►

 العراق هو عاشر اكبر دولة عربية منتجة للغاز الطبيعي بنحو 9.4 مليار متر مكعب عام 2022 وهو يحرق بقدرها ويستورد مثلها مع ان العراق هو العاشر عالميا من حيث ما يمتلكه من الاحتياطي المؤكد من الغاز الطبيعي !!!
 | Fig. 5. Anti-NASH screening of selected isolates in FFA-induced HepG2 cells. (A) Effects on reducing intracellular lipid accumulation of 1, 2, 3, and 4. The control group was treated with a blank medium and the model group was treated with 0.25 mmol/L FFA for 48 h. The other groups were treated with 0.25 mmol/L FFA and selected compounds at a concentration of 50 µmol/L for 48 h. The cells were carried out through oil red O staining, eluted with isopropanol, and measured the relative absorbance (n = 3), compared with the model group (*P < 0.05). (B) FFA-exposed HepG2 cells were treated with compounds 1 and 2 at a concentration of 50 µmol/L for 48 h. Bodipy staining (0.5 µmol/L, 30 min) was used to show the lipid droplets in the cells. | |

◄
►

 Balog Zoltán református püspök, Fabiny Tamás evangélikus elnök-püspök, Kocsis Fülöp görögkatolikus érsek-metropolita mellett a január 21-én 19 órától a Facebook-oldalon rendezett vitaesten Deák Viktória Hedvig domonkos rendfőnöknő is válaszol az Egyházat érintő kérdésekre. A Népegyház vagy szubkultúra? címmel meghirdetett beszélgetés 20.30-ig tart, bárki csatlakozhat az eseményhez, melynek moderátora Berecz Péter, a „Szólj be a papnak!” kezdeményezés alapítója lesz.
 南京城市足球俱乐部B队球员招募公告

◄

#### EXERCISE DETAILS
Give again exactly, and only, the lines above starting at the one with "Balog Zoltán református" and ending at the one with "南京城市足球俱乐部B队球员招募公告".

#### THE ANSWER
 Balog Zoltán református püspök, Fabiny Tamás evangélikus elnök-püspök, Kocsis Fülöp görögkatolikus érsek-metropolita mellett a január 21-én 19 órától a Facebook-oldalon rendezett vitaesten Deák Viktória Hedvig domonkos rendfőnöknő is válaszol az Egyházat érintő kérdésekre. A Népegyház vagy szubkultúra? címmel meghirdetett beszélgetés 20.30-ig tart, bárki csatlakozhat az eseményhez, melynek moderátora Berecz Péter, a „Szólj be a papnak!” kezdeményezés alapítója lesz.
 南京城市足球俱乐部B队球员招募公告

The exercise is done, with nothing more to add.